Worries about inflation, energy costs rise after Italy joins SWIFT expulsion of Russia
ROME, March 4 (Xinhua) -- Italy's decision to join some other countries to remove selected Russian banks from SWIFT, the payment system used for most international financial transactions, could lead to higher inflation and energy costs in the country, analysts have said.
Prices pushed higher in part by circumstances in Ukraine could slow Italy's economic recovery, the Observatory on Italian Public Accounts said last week.
Fears of rising prices have become front page news in Italy. According to Italian financial newspaper Il Sole 24 Ore, the "perceived" inflation rate in the country is higher than the actual one -- 6.4 percent compared to 4.8 percent -- and this had direct ties to the situation in Ukraine.
Meanwhile, Italy's consumer confidence continued to fall in February. According to data from the country's National Statistics Institute, the consumer confidence index dropped from 117.7 in December to 114.2 in January, and further to 112.4 in February.
Both business and consumer confidence remained high in the final months of 2021 despite uncertainty tied to the latest wave of the COVID-19 pandemic.
According to a joint statement released Saturday, the United States, the European Commission, France, Germany, Italy, Britain and Canada are supporting the expulsion of "selected Russian banks" from SWIFT "within the coming days," so as to "further isolate Russia from the international financial system" and their economies.
Also on Saturday, Italian Prime Minister Mario Draghi's office released a statement saying Draghi "reaffirmed to (Ukrainian) President (Volodymyr) Zelensky that Italy fully supports the EU's line on sanctions against Russia, including those regarding SWIFT, and shall continue to do so."
But Italy, according to analysts, had sent mixed signals over Russia before this.

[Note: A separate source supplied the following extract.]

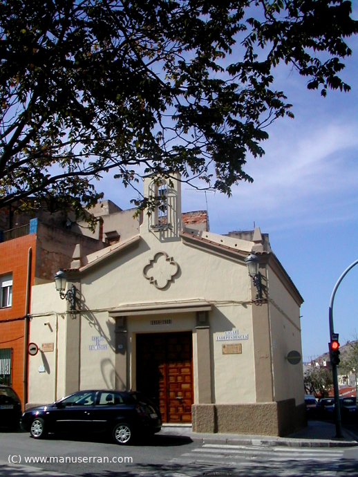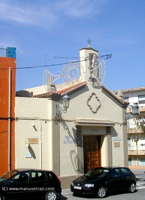 Se trata de un edificio adosado al costado izquierdo y parte trasera, los dos lados libres forman esquina. Está fabricado con muros de mampostería y tejado a dos aguas de teja plana. La fachada, estucada en ocre, con zócalo y fajones marrones. Dos pilastras en las esquinas sostienen una cornisa de teja pequeña curva y, sobre ésta, se prolongan en pináculos piramidales. Otros fajones, a los lados de la puerta, sostienen un tejadillo sobre la misma. Tiene escritas la fecha de su construcción en 1950 y reconstrucción en 1988. Rótulo con el nombre de la ermita en azulejos. En el frontón, un adorno lobulado alberga un farolillo de hierro. La espadaña (7) está formada por dos pilares con tejadillo y se remata por una bola y cruz de hierro con adornos; reciente protección de la campana con verja.

For example, it was hesitant about endorsing the SWIFT expulsion at first.
"Early in the crisis, Italy blocked some strong sanctions against Russia, partially in hope the situation would not escalate and partially out of the need for trade with Russia, especially for gas," Gian Franco Gallo, a political affairs analyst with ABS Securities in Milan, told Xinhua.
SWIFT is a Belgium-headquartered global provider of secure financial messaging services. It was formed in 1973 by 239 banks from 15 countries to solve the problem of cross-border payments communication.
More than 11,000 financial institutions are now using SWIFT for their financial transactions, including around 300 from Russia.
Analysts said that while the impact of the SWIFT expulsion on Russian banks is already being felt, the Italian banking system is also likely to see minor impacts stemming from such sanctions.
"We're already seeing the first impact on Russian banks, which is long lines at Russian banks and customers who can't even manage to exchange the ruble currency into small amounts like 10 or 20 U.S. dollars or euros," Eugenio Pinto, a professor of Business Administration from the Faculty of Economics at Rome's LUISS University, told Xinhua.
"Some Russian banks will remain connected, presumably to limit the impact on regular Russians and to allow for payment for gas sales," Pinto said.
Draghi said Tuesday that 95 percent of the natural gas Italy uses comes from imports, with more than 40 percent of such imports coming from Russia.
Given Italy's heavy reliance on energy imports from Russia, analysts believed that the country's payment for gas could be greater in the future.